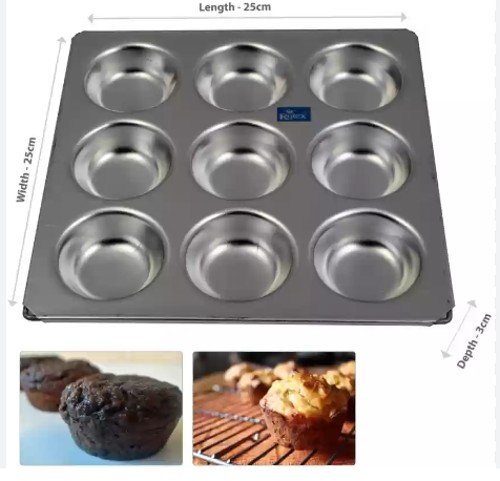 This tray is of big size . Muffin Tray – Cup Cake Tray for 9 cups. manufactured in India Cups are non removable
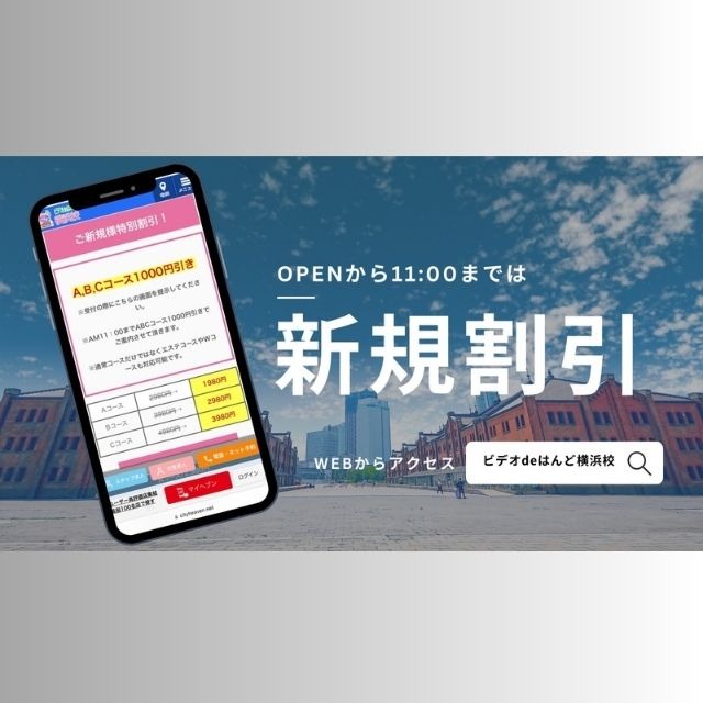 オープンから11時までは全コース1000円割引!!/ビデオdeはんど 横浜校
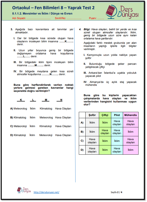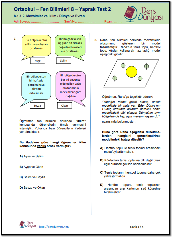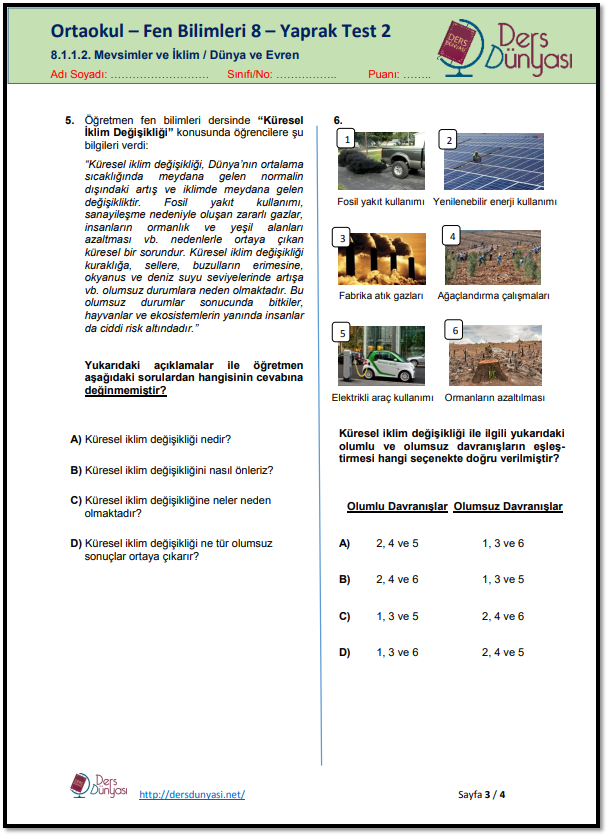 LGS’de çıkan Fen Bilimleri sorularının çözümüne yardımcı olmak üzere bu yaprak testler hazırlanmış ve ücretsiz bir şekilde, öğrencilerin, bu sınava çalıştıran öğretmenlerin özellikle Fen Bilgisi Öğretmenlerinin, velilerin ve idarecilerin kullanımına açılmıştır.
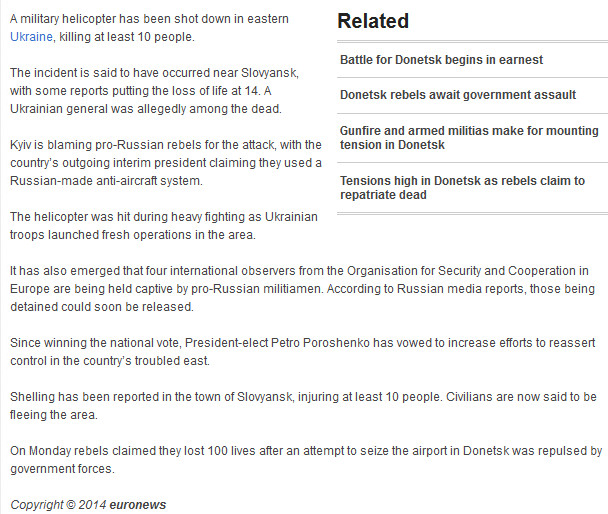 Сухая информация: повстанцы сбили украинский вертолет, украинские силовики обстреливают позиции ополченцев из "Града", бьют по жилым кварталам. Из города украинские силовики никого не выпускают.

_The problem:_ Drop the pictures and give every line above again exactly.

_Answer for this exercise:_
 This tray is of big size . Muffin Tray – Cup Cake Tray for 9 cups. manufactured in India Cups are non removable
 オープンから11時までは全コース1000円割引!!/ビデオdeはんど 横浜校
 LGS’de çıkan Fen Bilimleri sorularının çözümüne yardımcı olmak üzere bu yaprak testler hazırlanmış ve ücretsiz bir şekilde, öğrencilerin, bu sınava çalıştıran öğretmenlerin özellikle Fen Bilgisi Öğretmenlerinin, velilerin ve idarecilerin kullanımına açılmıştır.
 Сухая информация: повстанцы сбили украинский вертолет, украинские силовики обстреливают позиции ополченцев из "Града", бьют по жилым кварталам. Из города украинские силовики никого не выпускают.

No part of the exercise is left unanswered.